Paul Hudson    @twostraws   

Updated for Xcode 15

We can run throwing functions using do, try, and catch in Swift, but an alternative is to use try? to convert a throwing function call into an optional. If the function succeeds, its return value will be an optional containing whatever you would normally have received back, and if it fails the return value will be an optional set to nil.

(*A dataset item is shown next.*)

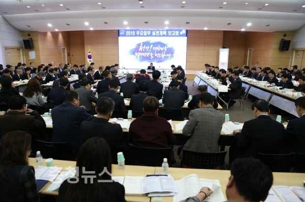 충남 천안시는 ‘더 큰 미래, 더 행복한 천안’ 구현을 위해 15일 시청 대회의실에서 5급 이상 간부, 6급 이하 직원 등 150여명이 참석한 가운데‘2018년 주요업무실천계획 보고회’를 개최했다.

There are advantages and disadvantages to using optional try, but it mostly centers around how important the error is to you. If you want to run a function and care only that it succeeds or fails – you don’t need to distinguish between the various reasons why it might fail – then using optional try is a great fit, because you can boil the whole thing down to “did it work?”

So, rather than writing this:

do {
    let result = try runRiskyFunction()
    print(result)
} catch {
    // it failed!
}

You can instead write this:

if let result = try? runRiskyFunction() {
    print(result)
}

If that’s what you wanted to do then you could just make runRiskyFunction() return an optional rather than throwing an error, but throwing and using optional try does give us the flexibility to change our mind later. That is, if we write a function that throws errors then at the call site we can either use try/catch or use optional try based on what we need at that point.

For what it’s worth, I use optional try a heck of a lot in my own code, because it does wonders for letting me focus on the problem at hand.